Example 2 (homework)#

Consider the system

\[\begin{split} \begin{aligned} x_1 + 2 x_2 & = 1 && (3) \\ 4 x_1 + x_2 & = -3 && (4). \end{aligned} \end{split}\]
  • \(2 \times (3)\) \(\rightarrow\)

  • \(0.25 \times (4)\) \(\rightarrow\)

  • \((4) + (-1) \times (3)\) \(\rightarrow\)

  • \((4) + (-4) \times (3)\) \(\rightarrow\)

General matrix-vector form#

What does this mean when we write the equations as a single matrix equation?

\[\begin{split} \begin{pmatrix} a_{11} & a_{12} & a_{13} & \cdots & a_{1n} \\ a_{21} & a_{22} & a_{23} & \cdots & a_{2n} \\ a_{31} & a_{32} & a_{33} & \cdots & a_{3n} \\ \vdots & \vdots & \vdots & & \vdots \\ a_{n1} & a_{n2} & a_{n3} & \cdots & a_{nn} \end{pmatrix} \begin{pmatrix} x_1 \\ x_2 \\ x_3 \\ \vdots \\ x_n \end{pmatrix} = \begin{pmatrix} b_1 \\ b_2 \\ b_3 \\ \vdots \\ b_n \end{pmatrix}. \end{split}\]

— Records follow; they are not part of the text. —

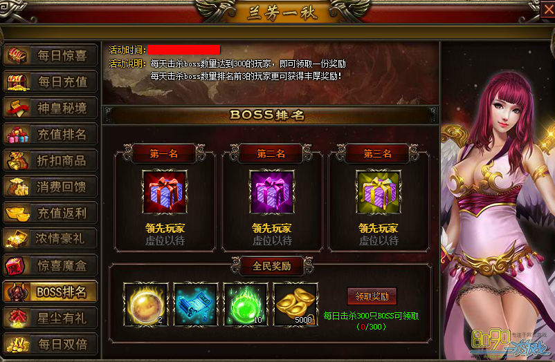 【活动说明】:每天击杀boss数量达到300的玩家,即可领取一份奖励每天击杀boss数量排名前3的玩家更可获得丰厚奖励!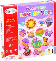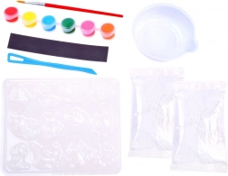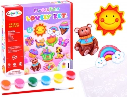 Dette DIY-sæt giver børn skaberglæde fra den første omrøring af gips til den sidste penselstrøg. Formene omfatter populære motiver som sol, blomster, sommerfugle, regnbuer, is, cupcakes, bamser, kander, katte og teksten LOVE. De færdige kreationer påsættes magnetbånd og kan pynte på køleskab, opslagstavle eller enhver metaloverflade.
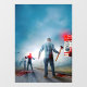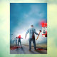 SlipperyJoe's feliz Halloween brillantes ojos zombis brote señal de cuarentena figura de sobreviviente masculino está en primer plano infección por gases máscara aviones aterrizar manchas de sangre misteriosas figuras post-apocalípticas mundo infectado zombie armado con martillo para combatir artística tormenta oscura paisaje desolado LGBTQIA regalos de orgullo gay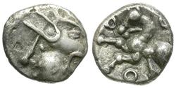 Obverse: Bizarre Celtic bust left with two pellets representing eyes and two pellets representing the nose and mouth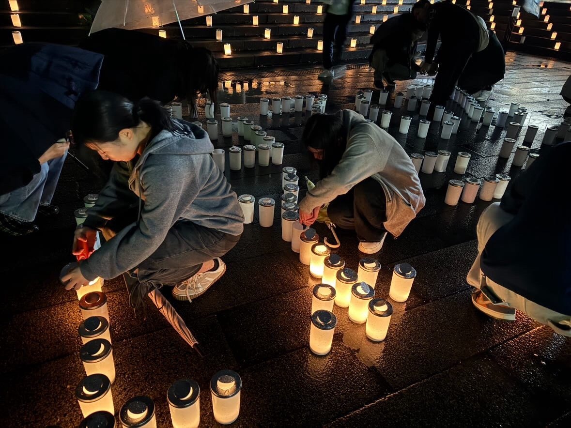 当日は、大学コミュニティプラザに1,700個を超えるキャンドルを並べ、平岡さんのご冥福を祈りました。また、昨年に引き続き事件に関するパネル展示を行い、発生から16年が経過した今も事件を忘れず、防犯への意識を高める場としました。今年は新たな取り組みとして、地域の方々が制作したペットボトルキャンドルを使用し、平和の象徴であるクローバーの灯りを形作りました。雨天にもかかわらず多くの方々にご参加いただき、事件や防犯について改めて考える貴重な時間となりました。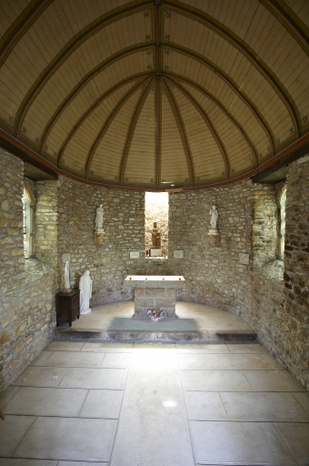 Cette chapelle est construite en moellon de grès ; seuls les encadrements de baies sont traités en pierre de taille de granite. Elle présente un plan allongé à vaisseau unique ; le chevet possède une niche à jour céleste. La nef est couverte d´une voûte en bois peint. A l´intérieur, il existait deux statues contemporaines de la construction de la chapelle (2e quart du 17e siècle) : une Vierge à l´Enfant en terre cuite polychrome et un saint Joseph et l´Enfant en bois polychrome. Ces deux statues se trouvent désormais dans l´église paroissiale. Une autre statue en bois du 17e siècle se trouve dans la niche percée au sommet du pignon ouest, elle représente l´Éducation de la Vierge. Actuellement, il existe encore à l´intérieur de cette chapelle plusieurs statues en plâtre moulé de la fin du 19e siècle : Vierge à l´Enfant, Sacré Cœur, saint Jean-Baptiste. Ces statues datent de l´époque de restauration de la chapelle, c´est-à-dire des années 1870-1880.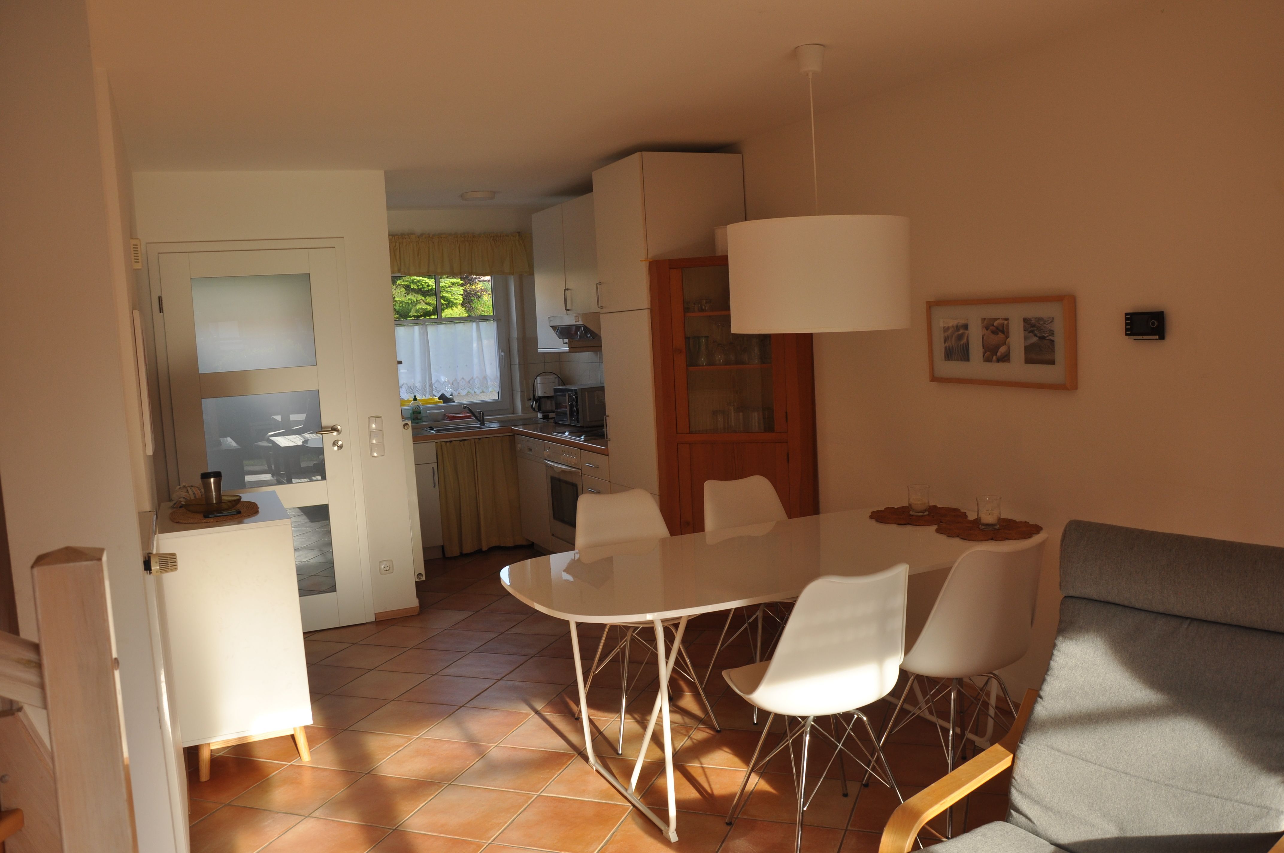 Unser hell und familienfreundlich eingerichtetes Mittelreihenhaus (Baujahr 1998) befindet sich im Sanddornweg und damit in unmittelbarer Strandnähe. Sie müssen auf die Annehmlichkeiten, die Sie von zu Hause gewohnt sind, nicht verzichten, da das Haus sehr gut ausgestattet ist (Waschmaschine, Spülmaschine, Herd/Backofen, Kühlschrank, Sat-TV, CD-,DVD-Player, Kinderbett). Im Erdgeschoss finden Sie neben Küche und Wohn-/Esszimmer ein Gäste-WC. Der Esstisch bietet Platz für 6 Personen; ein Kinderstuhl ist ebenfalls vorhanden. Im oberen Geschoss befinden sich zwei Schlafzimmer, beide jeweils mit einem Doppelbett (180 x 200 und 140 x 200) ausgestattet, sowie ein Badezimmer mit Dusche und WC. Ein Kinderbett steht ebenfalls zur Verfügung. Im Dachgeschoss ist ein drittes separates Schlafzimmer (2 Betten), das über ein Schlafzimmer im 1.OG zu erreichen ist.Wir bitten zu beachten, dass eine Belegung mit 6 Erwachsenen uns ungeeignet erscheint was die Schlafgelegenheiten angeht, so dass wir gern nur maximal 4 Erwachsene ansprechen möchten, unser Haus zu buchen. Fragen Sie gern nach. Vielen Dank. Die Terrasse bietet viel Platz zum Entspannen und das Gartenhäuschen können Sie z. B. als Unterstellmöglichkeit für Ihre mitgebrachten Fahrräder nutzen.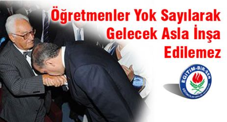 1624 TL maaş alan öğretmenin isyanını anlamak yerine ‘Öğretmen maaşları memura haksızlık’ diyen Sayın Başbakan’ın “Bu camia benim en çok saygı duyduğum kesimdir” sözünün devamını uygun bitirmesini arzu ederdik. Tıpkı 24 Kasım 2010’da öğretmenlere yönelik, “Bizler, hükümetimizi kurarken ‘önce insan’ parolasıyla yola çıktık, ‘İnsanı yücelt ki devlet yücelsin’ dedik. İnsana yapılan her yatırım, insanın yetişmesine verilen her emek bizim nazarımızda kutsaldır. Bu anlayışla en fazla yatırımı eğitime yaptık, eğitimi her şeyin önünde tuttuk; eğitimcilerimize, öğretmenlerimize özel önem atfettik” sözlerinde olduğu gibi.

Recall the \(n \times n\) matrix \(A\) represents the coefficients that multiply the unknowns in each equation (row), while the \(n\)-vector \(\vec{b}\) represents the right-hand-side values.

Application to matrix equations#

For a system written in matrix form our three observations mean the following:

  • We can swap any two rows of the matrix (and corresponding right-hand side entries). For example:

    \[\begin{split} \begin{pmatrix} 2 & 3 \\ -3 & 2 \end{pmatrix} \begin{pmatrix} x_1 \\ x_2 \end{pmatrix} = \begin{pmatrix} 4 \\ 7 \end{pmatrix} \Rightarrow \begin{pmatrix} -3 & 2\\ 2 & 3 \end{pmatrix} \begin{pmatrix} x_1 \\ x_2 \end{pmatrix} = \begin{pmatrix} 7 \\ 4 \end{pmatrix} \end{split}\]
  • We can multiply any row of the matrix (and corresponding right-hand side entry) by a scalar. For example:

    \[\begin{split} \begin{pmatrix} 2 & 3 \\ -3 & 2 \end{pmatrix} \begin{pmatrix} x_1 \\ x_2 \end{pmatrix} = \begin{pmatrix} 4 \\ 7 \end{pmatrix} \Rightarrow \begin{pmatrix} 1 & \frac{3}{2} \\ -3 & 2 \end{pmatrix} \begin{pmatrix} x_1 \\ x_2 \end{pmatrix} = \begin{pmatrix} 2 \\ 7 \end{pmatrix} \end{split}\]
  • We can replace row \(q\) by row \(q + k \times\) row \(p\). For example:

    \[\begin{split} \begin{pmatrix} 2 & 3 \\ -3 & 2 \end{pmatrix} \begin{pmatrix} x_1 \\ x_2 \end{pmatrix} = \begin{pmatrix} 4 \\ 7 \end{pmatrix} \Rightarrow \begin{pmatrix} 2 & 3 \\ 0 & 6.5 \end{pmatrix} \begin{pmatrix} x_1 \\ x_2 \end{pmatrix} = \begin{pmatrix} 4 \\ 13 \end{pmatrix} \end{split}\]

    (here we replaced row \(w\) by row \(2 + 1.5 \times\) row \(1\))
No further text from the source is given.